From text to video with AI: Zeroscope

What is Zeroscope? 📹

Zeroscope is a software developed by the Chinese company Modelscope, which allows to generate videos simply from text, i.e., we give an input such as “Blue fish swimming in outer space” and based on that input, generates a video trying to represent it.

And Zeroscope has released its next version: Zeroscope V2 also scalable to a larger size (in terms of pixels in the videos) with the V2 XL version. It has been trained with almost 10,000 clips paying attention to how one frame interrelates with the following ones.

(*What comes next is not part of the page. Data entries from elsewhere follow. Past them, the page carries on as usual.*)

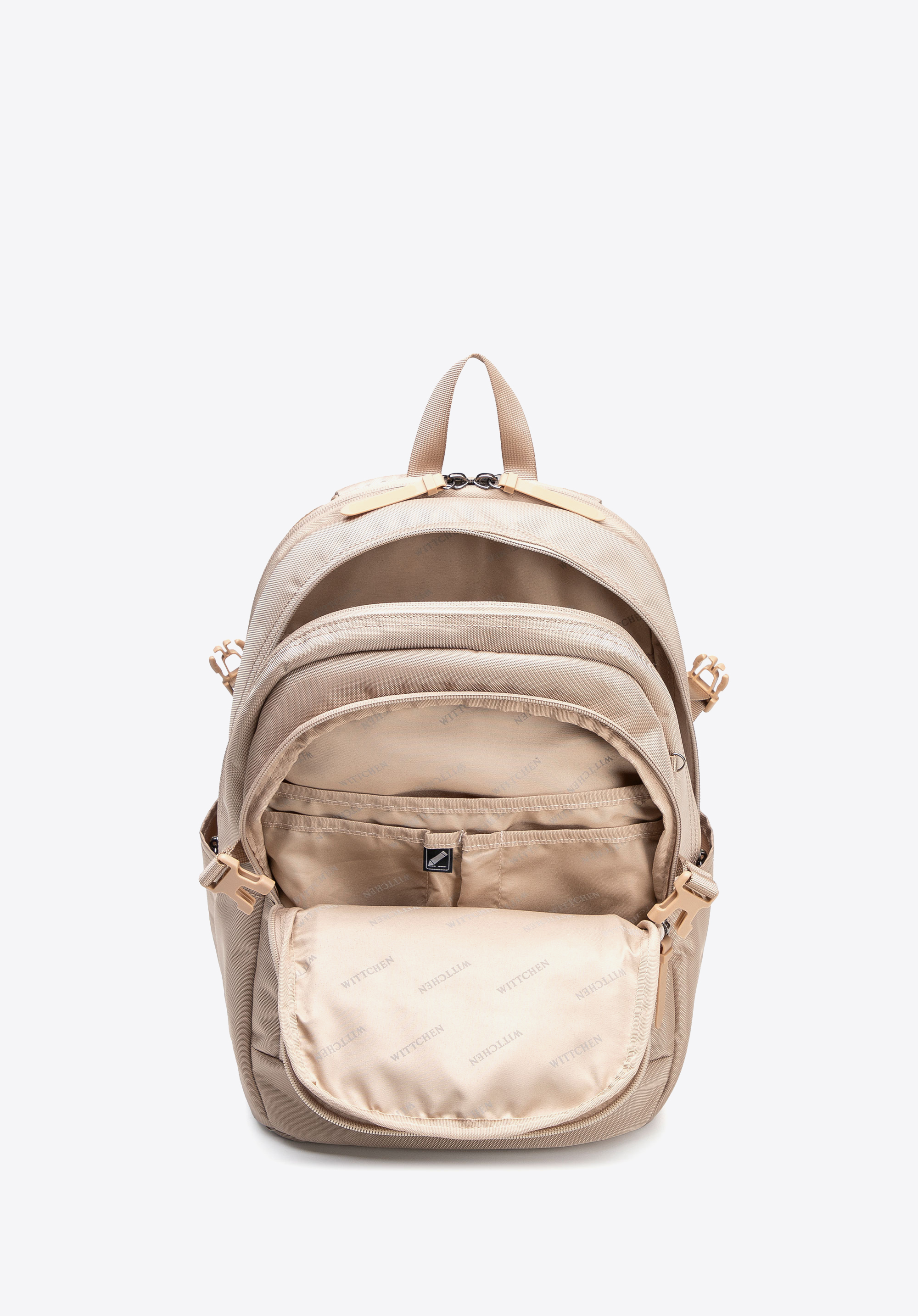 - Przednie kieszenie: Dwie zamykane kieszenie na drobne akcesoria oraz kieszeń z trzema przegrodami i dwiema kieszonkami na długopis, które pomagają utrzymać porządek i mieć wszystko pod ręką.
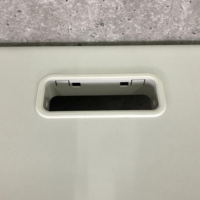 フロント部幕板上部から天板の配線穴を等して通線ができます。
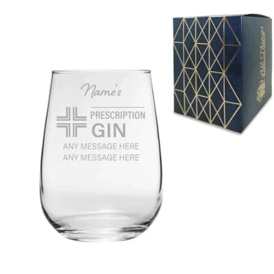Engraved Gin and Tonic Glass, Personalised Prescription for Design, 590ml or 20oz Capacity, Gift Boxed, Funny Her
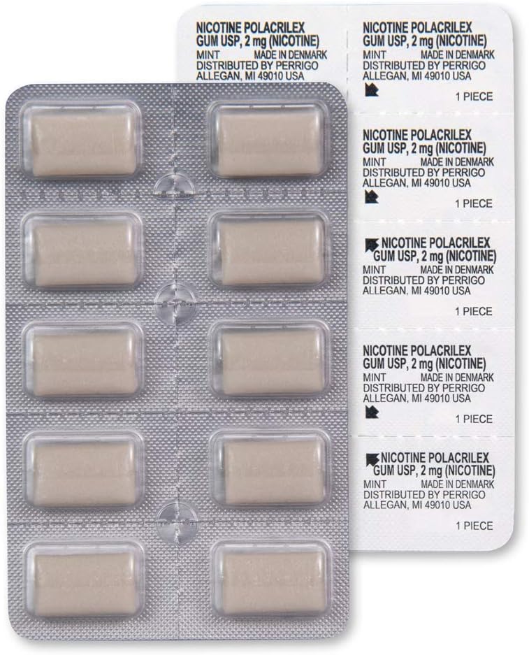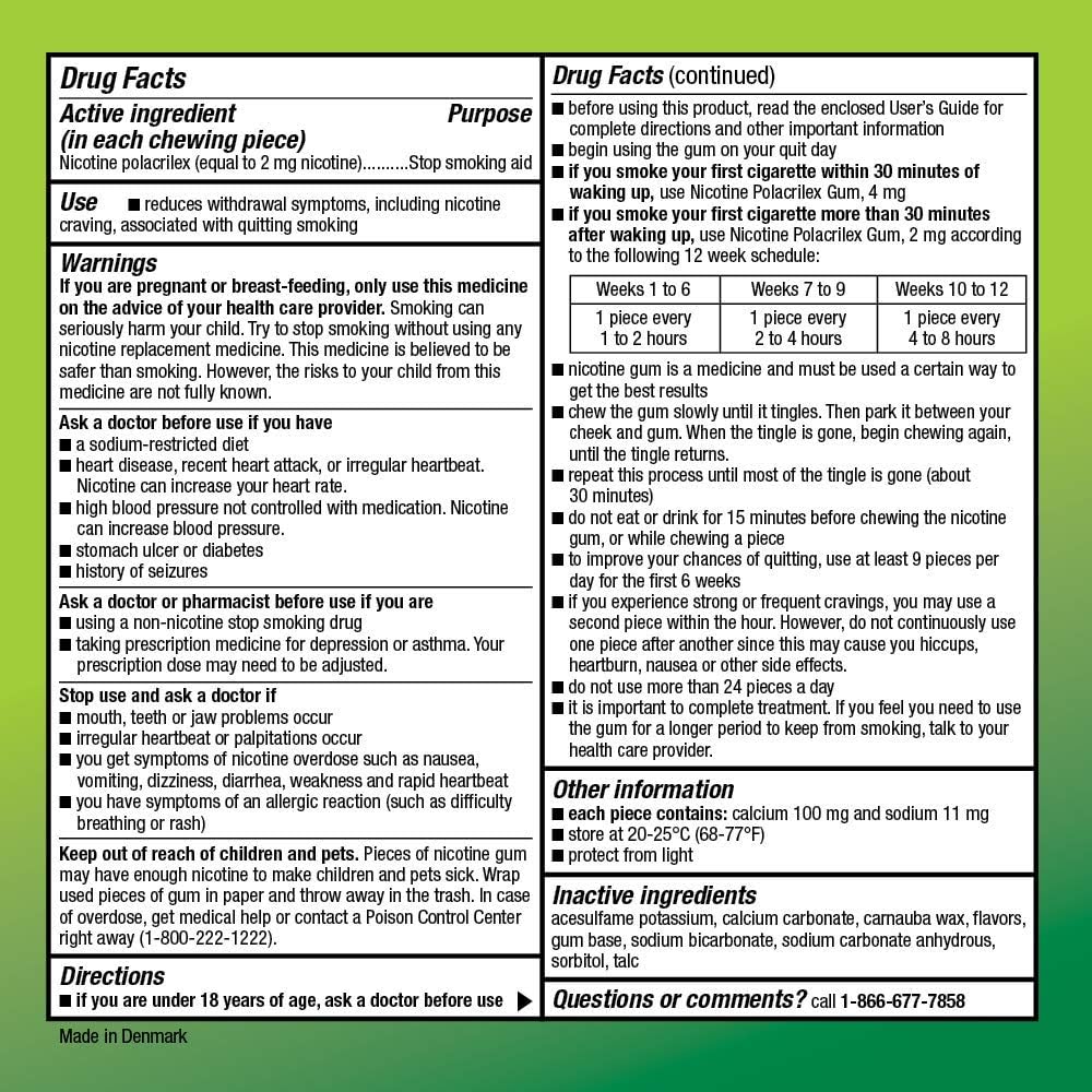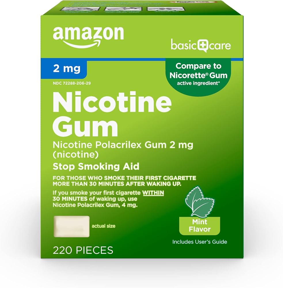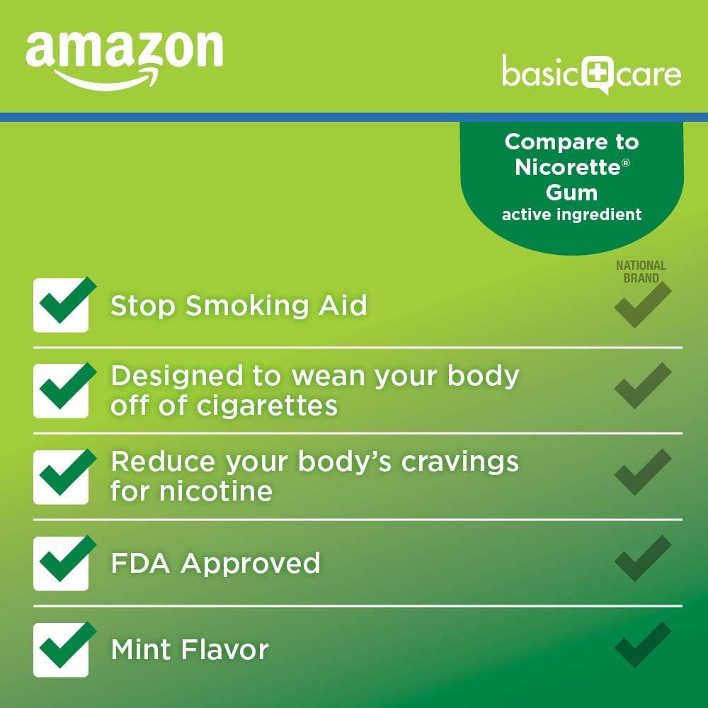 Compare to Nicorette Gum active ingredient. Amazon Basic Care Nicotine Polacrilex Gum, 2 mg (nicotine), Mint Flavor, is a stop smoking aid for those who smoke their first cigarette more than 30 minutes after waking up. This product is part of a Nicotine Replacement Therapy (NRT), designed to wean your body off cigarettes. It helps regulate, control and gradually reduce your body's nicotine cravings. Made in Denmark.
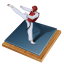 Icon Description: This is a picture of a taekwondo player or fighter having a complete outfit. He is showing an attack called high kick
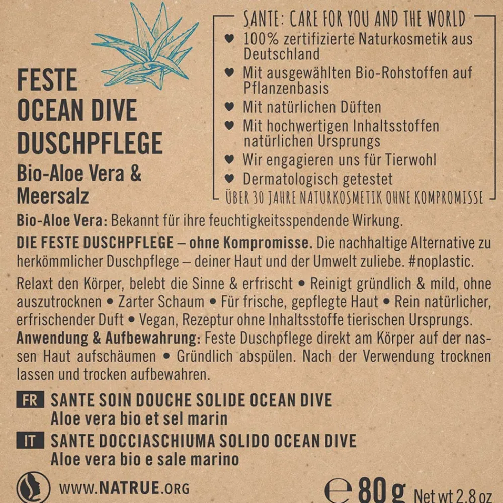 Innovative Duschpflege SANTE Feste Duschpflege Ocean Dive ohne Kompromisse. Relaxt den Körper & belebt die Sinne. Reinigt sanft und gründlich, ohne auszutrocknen. Für frische & gepflegte Haut. Mit milden, natürlichen Tensiden. Sanfter Schaum. Rein natürlicher, frischer Duft. Mit Bio-Aloe Vera: Bekannt für ihre beruhigende und feuchtigkeitsspendende Wirkung.

I have created a couple of example videos to show in Makiai:

📂 Zeroscope is open source so the community can view its code and grow based on new ideas and implementations, which in practice guarantees rapid development.

GEN2 by Runway vs Zeroscope ⚔️

Runway is a commercial video and photo editing tool through AI, which has released pioneering GEN1 and then GEN2 which is a video generation tool through text. Zeroscope is its open source rival right now, as Runway’s tools have not released their code to the public.

How to use Zeroscope🍣

You can use Zeroscope in several ways that I will explain here:

  • Replicate: Replicate is a website where API’s and AI playgrounds are served. There you can use both through API and interface the Zeroscope model for free, after a few times you will have to pay.
  • HuggingFace: In principle it is free but if you use it too much you will have to pay. Note: This link is the version before Zeroscape not the latest (V2-XL).
  • En tu PC: Puedes insYou can install Zeroscope on your computer. The minimum RAM is 8GB to run the model and installing it is not for the impatient.

Short-term impact ✨

You don’t have to be very imaginative to realize the fact that models like GEN2 or Zeroscape V2 can have a big impact on society at many levels. Right now they are reminiscent of OpenAI’s StableDiffusion or DALLE, taking their first steps just a few years ago.

If they follow the same trends as image-related AIs, which is likely, in 1-2 years we will see how videos of a “decent” quality and coherence can be generated in longer and longer lengths.

And this may involve changes in society such as:

  • Cinema:It can be used as an additional tool in the creation of movies and series and even be the consumer who directly asks the AI for a movie or series to their liking.
  • Content platforms: Massive content could be generated by specialists as well as on-demand, fully customized content.

The limit is imagination and its consequences on the economy and society are hardly predictable.